Wabi-sabi and my punk roots
It was purely by chance that I ended up at the Buddhist Centre.
I had a stressed-out boyfriend who thought learning to meditate might help, but didn’t want to go alone to the class. I said I’d go with him, but only for the first session. And here I am still practising, 34 years later.
It wasn’t so much the meditation that grabbed me, but the Dharma, the teachings. I was impressed. And believe me, aged 20, I wasn’t easily impressed.
I’d dropped out of school at 15, bored, but not unintelligent. It was my dad that taught me how to think. He did this by disagreeing with almost everything I believed in (or was it me disagreeing with him?). He was so good at debating that he could easily win an argument while arguing for a position opposite to his own. I particularly remember Sunday lunches with a bottle of wine on the table and my mum and brother escaping the arguments by doing the washing up. Recurring themes were vegetarianism, religion, racism and classism, the perennial classics. The funny thing is we never actually fell out, whilst disagreeing on almost everything. Anyway, these experiences began my love of philosophy.
One of the first Buddhist teachings I came across was Sangharakshita’s ‘Mind Reactive, Mind Creative‘ given in 1967, the year I was born. I remember reading this lecture sitting in the car by the beach, smoking my roll-ups. In the cassette player was Lou Reed’s ‘Rock and Roll Animal’, with that 13-minute track, ‘Heroin’ that keeps building in intensity and then falling away, also released in 1967. Sangharakshita and Lou Reed both awakened something deep in me, without seeming to contradict one another.
In fact, until I came across the Dharma, it was art, as in music and lyrics, that had been my religion.
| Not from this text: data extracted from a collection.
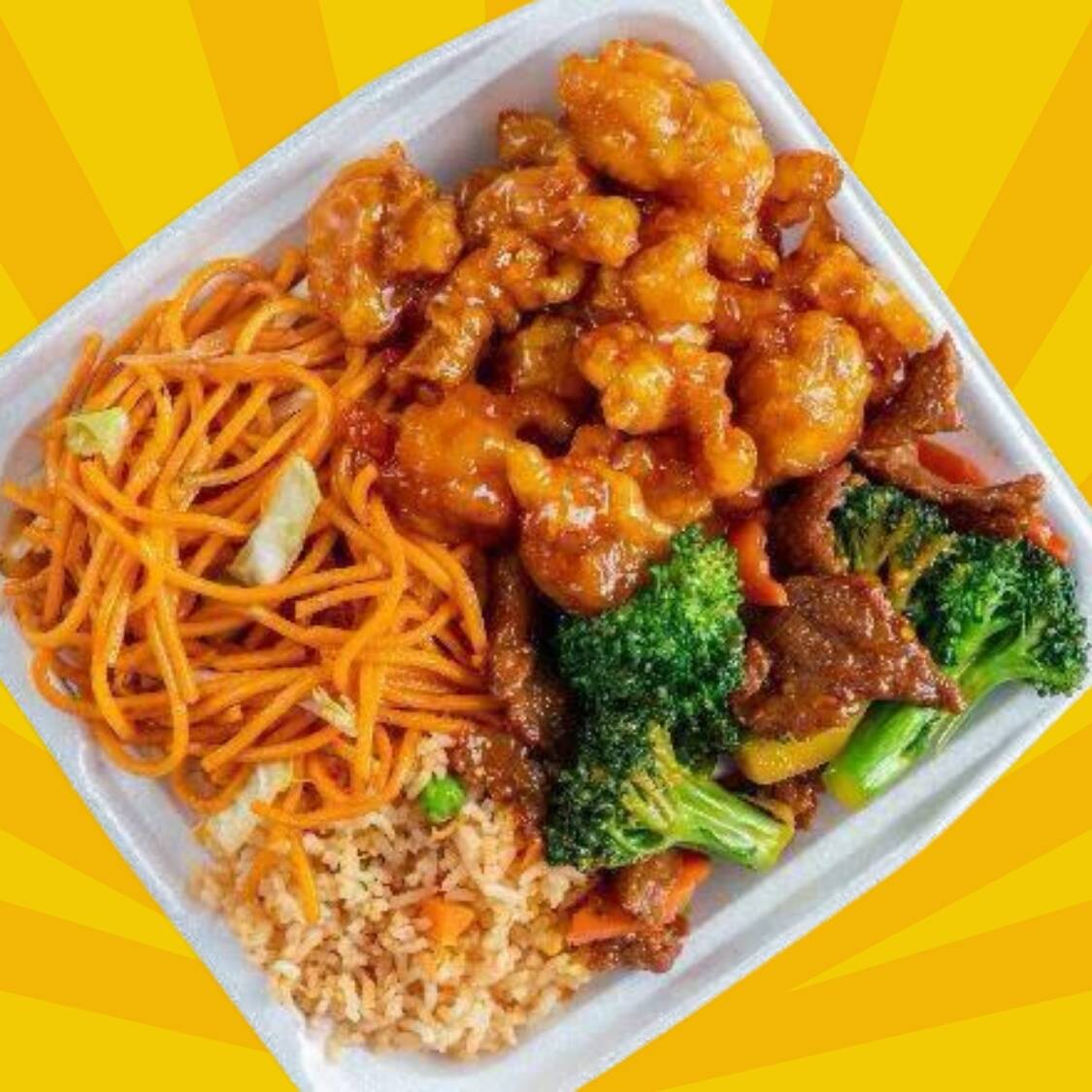 Plato personal con base de arroz blanco o frito cubierto con pollo, res y camarones en salsa Teriyaki.
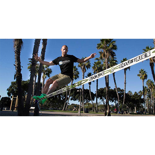 Custom-designed trampoline-style webbing is made for slacklining and provides extra bounce for dynamic tricks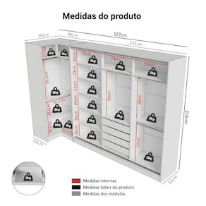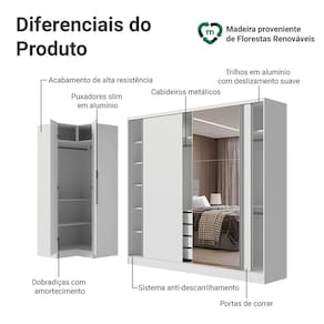 O Guarda-Roupa Royale, por sua vez, é fabricado em 100% em MDF, conta com três portas de correr, sendo uma com espelho que amplia o ambiente e otimiza o espaço. Seu interior é amplo e bem distribuído, com prateleiras, nichos, três cabideiros e quatro gavetas espaçosas, oferecendo capacidade para roupas, acessórios e muito mais.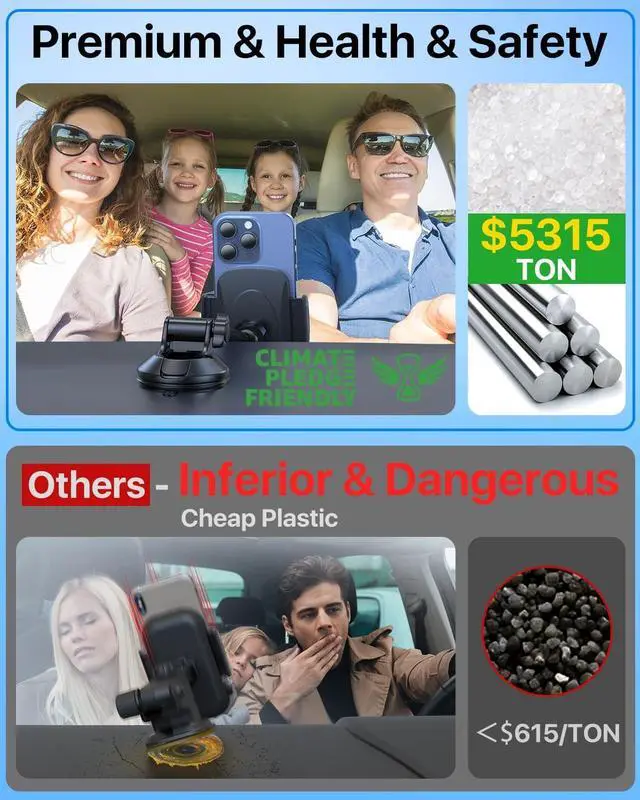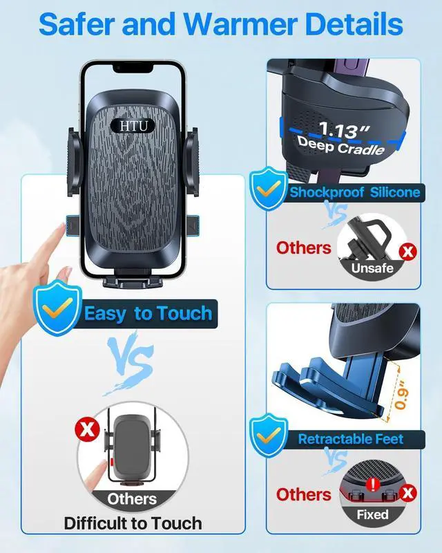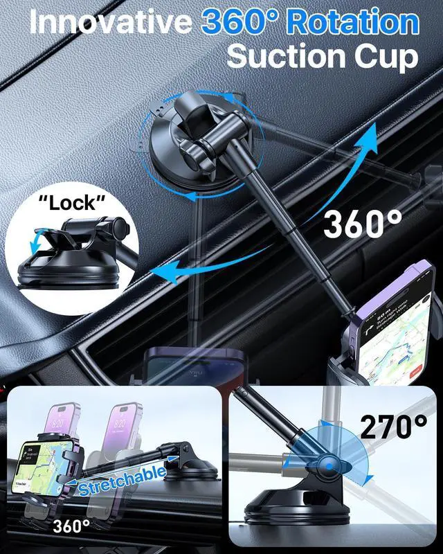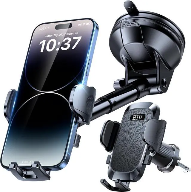 [Are You Searching for Presents? ] It is a good practical Present for parents lovers siblings colleagues and employeesATTENTION: If your dash is LEATHER TEXTURED or CURVED which NOT suitable for ALL suction cups. Please use the mount on the windshield. Before installing the suction cup be sure to clean the dashboard to ensure it is clean and tidy. Rinsing & air-drying the bottom of the suction cup can restore stickiness. [Super Suction Cup Rough Road Friendly] The upgraded suction cup enlarges the base and adjusts the center of gravity which makes the suction cup more stable and never falls. It adopt 2-level locking mechanism which is 3 times stronger than ordinary suction! The suction cup is made of 3 layers of nano sticky gel which can prevents air gaps from forming and can withstand the temperature from -40°F to 203°F. The enhanced suction power is up to 88LBS it holds heavy phones effortlessly. [Unobstructed View] The suction cup base of the HTU upgraded version of the mobile phone holder can be rotated at any angle at 360° without removing the bottom. HTU upgraded car phone holder has the 360-degree ball joint and the adjustable telescopic arm( 5.52 to 8.86 ) so that mobile phone within easy reach convenient navigation answering calls.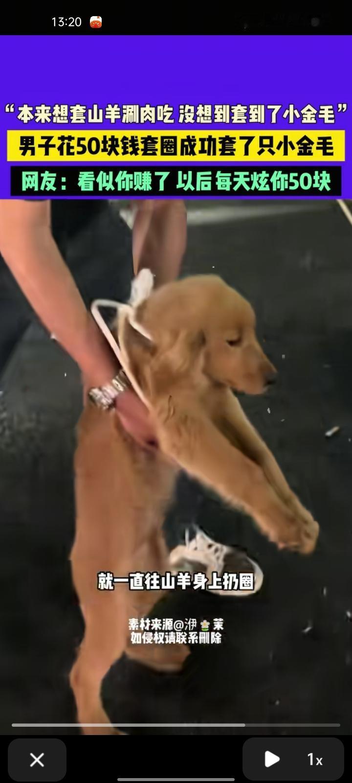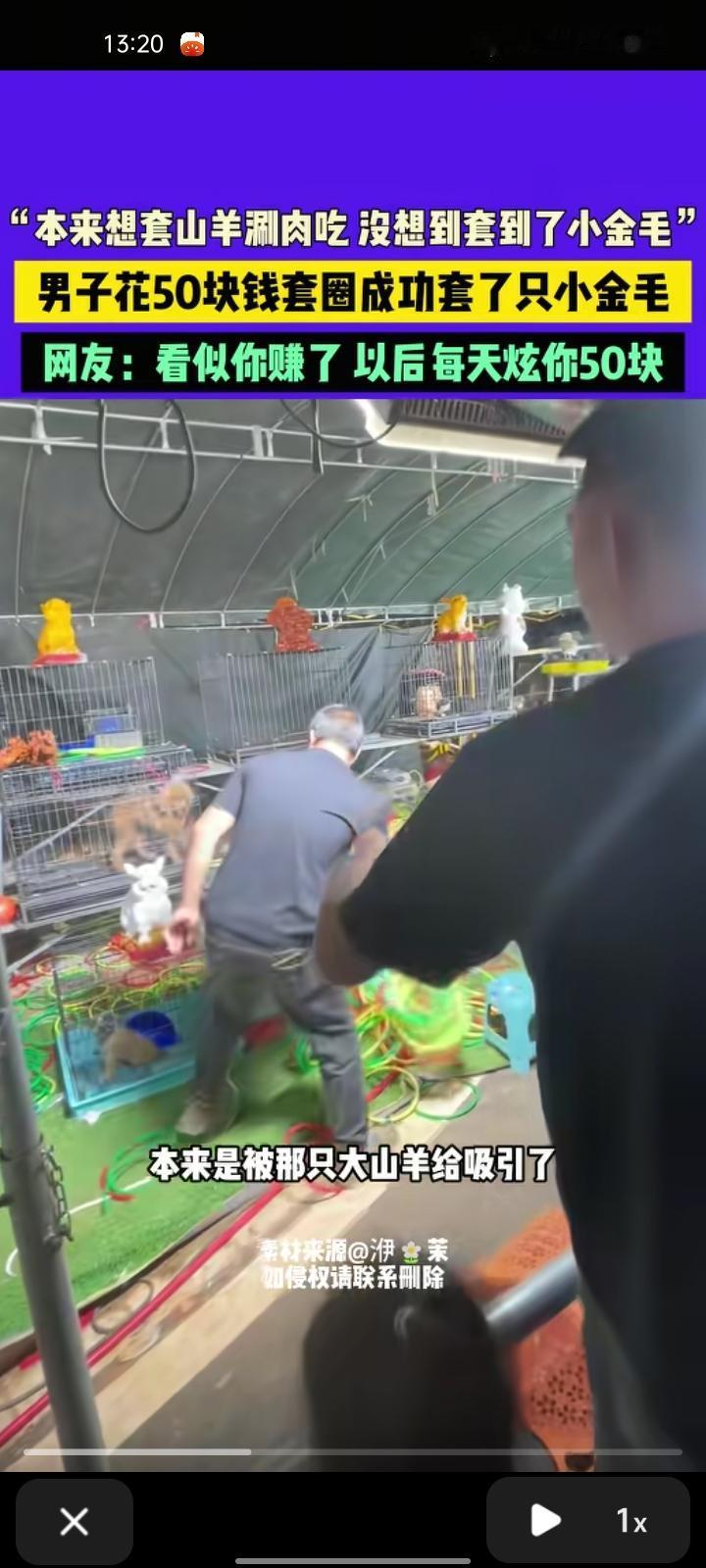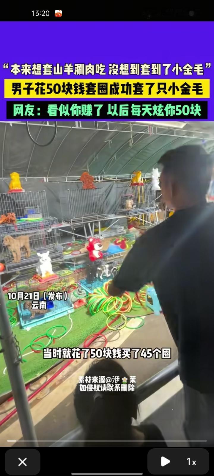 10月21日,云南保山。男子花了50元买45个圈,本来是想套山羊的,老爷爷的生日快到时涮羊肉吃,结果圈弹下来套到小金毛身上,金毛后续情况会持续更新。

From Janis Joplin to Iggy Pop to Crass. So when I discovered that one of the distinctive things about Sangharakshita’s take on the Dharma was that he emphasised the importance of the arts, something clicked into place for me. It felt like coming home.
He’d had an early experience himself of teaching English poetry to students in India and feeling that this was no different to teaching the Dharma, that in fact, he was teaching the Dharma through this poetry. Interestingly, Chögyam Trungpa, teaching in the West in the 70s and 80s, also felt this strong link between Dharma and art.
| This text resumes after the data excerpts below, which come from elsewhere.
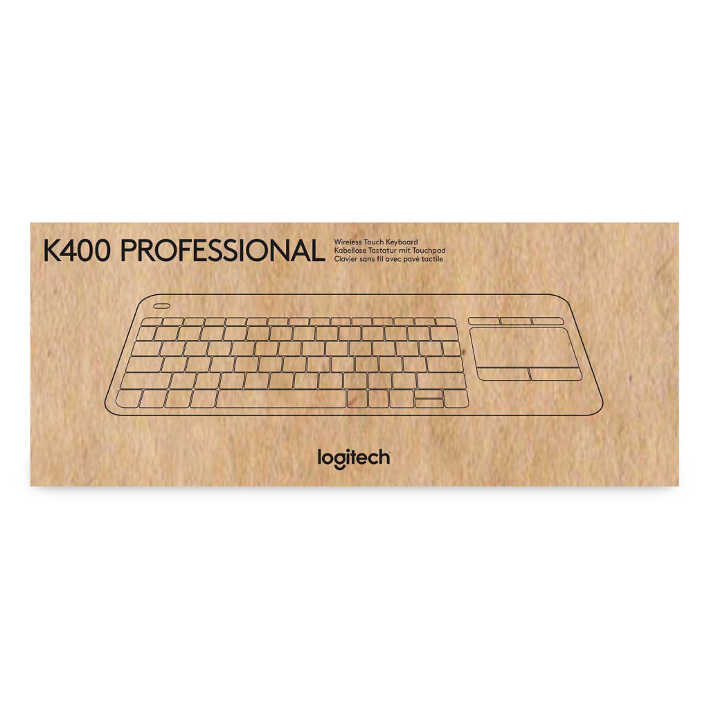 Be productive anywhere you choose to work with the Logitech K400 Professional Wireless Touch Keyboard, a professional-grade all-in-one keyboard/touchpad combo. Wireless connectivity eliminates mobility-limiting cords while the lightweight, compact design reduces clutter and frees valuable work space. The K400 Professional delivers convenience and versatility on a desktop and beyond, including conference rooms, classrooms, reception areas, kiosks and other diverse work settings.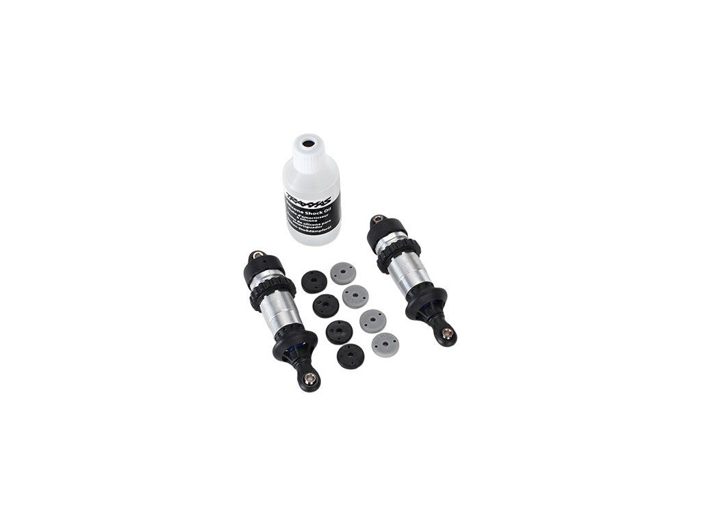Traxxas tlumič GTR hliníkový lesklý (2ks pření, 2ks zadní) se silikonovým olejem. Konstrukce GTR má hliníkové tělo se závitem a kroužkem pro přesné nastavení předpětí. Chromované hřídele mají vysokou životnost a hladký chod. Uvnitř tlumiče jsou tlumící pryžové tělesa, aby se zajistilo dokonalé tlumení.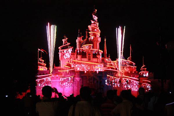 接著九點有星夢奇緣煙火表演,可惜照片拍的不好,不過說真的,這場煙火真的是值回票價~~連小子幾乎快睡著都可以被燦爛奪目的五彩煙火給喚醒....跟前一晚幻彩詠香江燈光秀,又有不同感覺~~我是比較偏愛煙火啦~~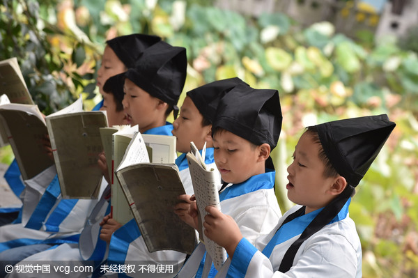 ▲幾名孩童身著漢服,在安徽省合肥市傳說中昔日包拯兒時讀書的地方誦讀國學經典,足以見到當地如何重視國家文化。(圖/CFP)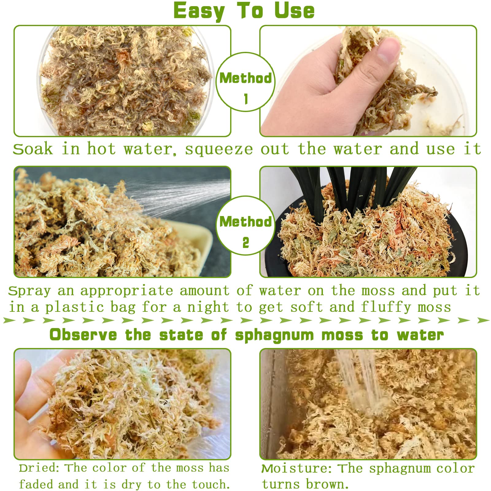 Premium Material: Sphagnum moss is premium quality natural dry moss, not contain any artificial colourings, it have good water retention and drainage, excellent ventilation, contains varieties of nutrients, not easy to spoil, can be used for a long time, and it is not necessary to update all materials when changing pots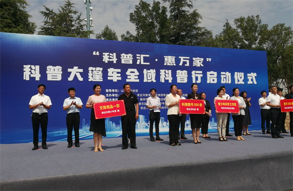为深入学习贯彻党的二十大精神,围绕“科创筑梦”助力“双减”、全面推进乡村振兴,充分发挥科普大篷车、流动少年宫、妇女儿童活动中心等科普资源优势,在全社会营造热爱科学、崇尚科学的良好氛围,助力我市“强工兴产、转型突围”实施目标,打通科普宣传“最后一公里”。6月7日,由市科协、市教育局、团市委、市妇联、市文旅局联合主办,市青少年宫、市科技馆、市图书馆、滕州市科协、柴胡店镇政府承办的枣庄市“科普汇 惠万家”科普大篷车全域科普行启动仪式在滕州市柴胡店镇古薛河驿站隆重举行。市人大常委会党组成员、副主任李书亭,山东省科技馆馆长王晶,市科协党组书记、主席国际昌,市科协党组成员、副主席李亚娟,团市委副书记颜蔚然,市文旅局党组成员、文化市场综合执法支队支队长孙业武,市妇联副主席孔娜,滕州市委副书记程亮等领导出席活动;市医学会专家、市农技专家、应急部门相关人员、柴胡店镇群众代表等参加活动。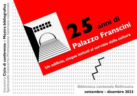 Settembre - dicembre 2023, Biblioteca cantonale Bellinzona: 25 anni di Palazzo Franscini. Un edificio, cinque istituti al servizio della cultura. Porte aperte a Palazzo Franscini e ciclo di conferenze.

Coming across the Dharma when I did felt like being in just the right place at the right time. I had my training in philosophy from my dad and I was already intuitively following what felt like a ‘spiritual path’ through music, poetry, and art. But I soon hit a problem.
Sangharakshita had made a connection between the Dharma and the art that he loved, Bach, Handel, Blake and Shelly. So it followed that everyone involved in the Buddhist centre seemed to love Bach, Handel, Blake and Shelly! I exaggerate, of course. There was, in fact, one couple who were brilliant clog dancers and would dance on wooden trays.
But what of me, me and Lou Reed? It was suggested I could try to refine my tastes. I didn’t.
At that point, I came across wabi-sabi. It named a different kind of beauty. Qualities such as discord, murkiness, earthiness, and roughness. Beauty that was spontaneous, unfinished, unpolished, raw. In a word, human.
The path of wabi-sabi Dharma is a path of descent. Dropping fully into the here and now, the extraordinary ordinary of our everyday lives.
In the Tibetan tradition, it’s considered extremely fortunate to be born human, not because we humans are perfect. But because it turns out that human life, with all its joys and sorrows, with our capacity to love and to hate, and all the messiness of being human, in fact with everything that Janis Joplin and Lou Reed sing about, is just what we need to wake up.